Third thing, interesting article for you non-Economist readers (female-oriented)... titled Female Power. The article was all of 3 pages long, with 2 pictures and 3 graphs. Therefore, I'm going to sum up this article for all of my female readers who need a little empowerment! Female Power covered everything from women working in the 50s to women working who are actively pursuing childbirth. It hit me with some interesting and eye-opening statistics, as well as much needed knowledge about the world that I'm walking into as a working woman. Here are some of the tidbits and stats that I picked up:
  • ... women now make up almost half of American workers (49.9% in October).
  • ... women earn almost 60% of university degrees in America and Europe.
  • ... in Italy and Japan employment rates for men are more than 20 percentage points higher than those for women.
  • ... women earn substantially less than men on average and are severely under-represented at the top of organizations.
  • ... today, women make up the majority of professional workers in many countries (51% in the United States).
  • ... the feminisation of the workforce has been driven by the relentless rise of the service sector (where women can compete as wel as men) and the equally relentless decline of manufacturing (where they could not).
  • ... improved technology reduced the amount of time needed for the traditional female work of cleaning and cooking.
  • ... most interesting factoid: The most important innovation has been the contraceptive pill, which has not only allowed women to get married later but also increased their incentives to invest time and effort in acquiring skills.
  • ... the expansion of higher education has also boosted job prospects for women, improving their value on the job market and shifting their role models from stay-at-home mothers to successful professional women.
  • ... in 1963, 62% of college-educated women in the United States were in the labour force, compared with 46% of those with a high school diploma. Today 80% of American women with a college education are in the labour force compared with 67% of those with a high school diploman and 47% of those without one.
  • ... only 2% of the bosses of Fortune 500 companies and five of those in the FTSE 100 stockmarket index are women.
  • ... women make up less than 13% of board members in America. In American and Britain the typical full-time female worker earns only about 80% as much as the typical male.
  • ... in the European Union women have filled 6 million of the 8 million new jobs created since 2000.
  • ... in America, the female unemployment rate is 8.6%, compared to 11.2% for men.
  • ... the Bureau of Labour Statistics calculates that women make up more than two-thirds of employees in ten of the 15 job categories likely to grow fastest in the next few years. By 2011 there will be 2.6 million more owmen than men studying in American universities.
  • ... Goldman Sachs calculates that increasing women's participation in the labour market to male levels will boost GSP by 21% in Italy, 19% in Spain, 16% in Japan, 9% in America, France and Germany, and 8% in Britain.
I find these things interested because it is a huge shift in the economy, not only in America, but across the globe. It is now 'ok' for women to be the breadwinners in the family, and men are accepting that as they realize that women are just as capable to maintain as they are. I'm not a feminist or anything, but reading and learning about the wonderful strides of women around the world makes my day. I'm definitely proud to be a growing statistic, a WOMAN! More power to us :-)

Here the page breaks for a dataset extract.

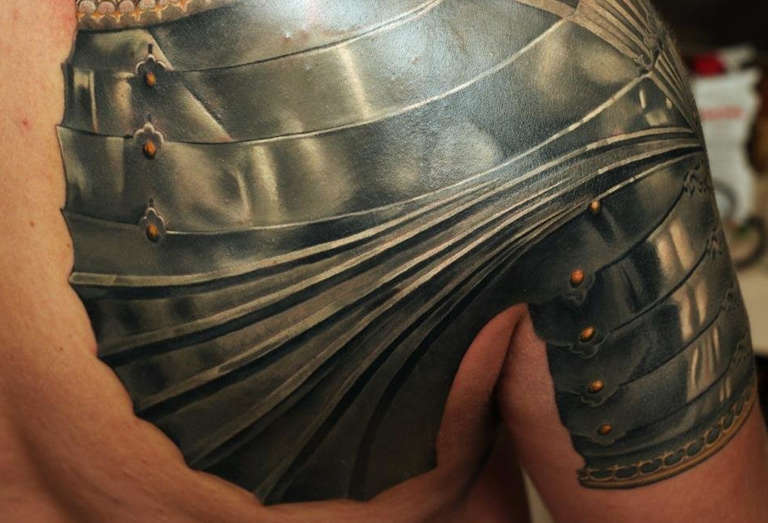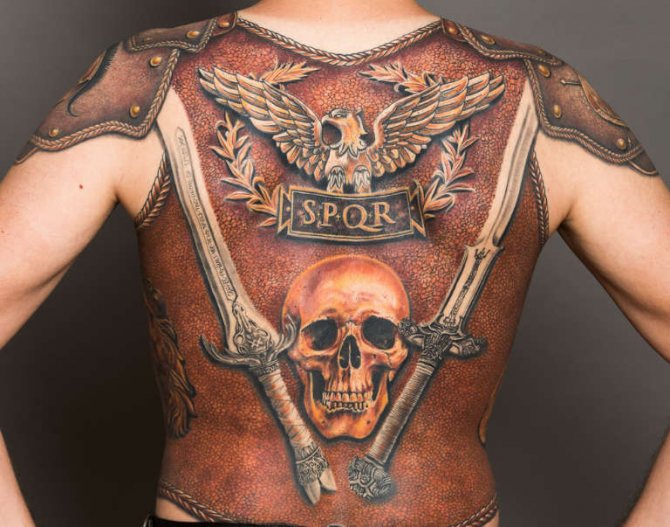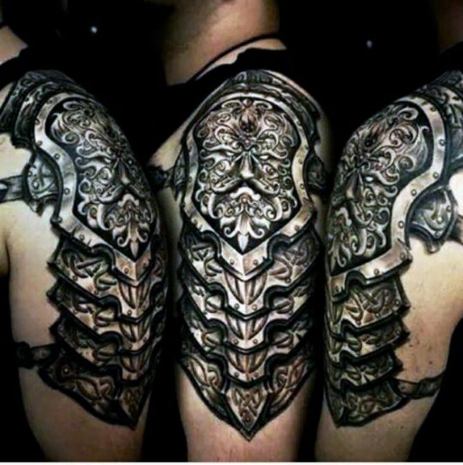 Un tatouage sous forme d'armure ou d'éléments de celle-ci sur le dos est une idée populaire, qui a une certaine signification - protection contre les agressions extérieures, confiance en soi, croyance en sa vérité et sa force.

**These statements have been taken directly from The Economist, January 2nd-8th, 2010 edition.


Nichole said...

I flippen love The Economist. Their special Holiday double issue is the best. I'll be following! Let me know if you consider my blog to be interesting enough. ;)


Girl About Business said...

Yes- it really was! This recent issue was great too. I really loved the articles about women and the change of society's perspective toward women. I'm still reading it, and just got notice that my subscription is almost up! But can you believe that I received a 4-month subscription for just $15 (through my Econ professor)?!?!

PS- Love your blog... I'm following!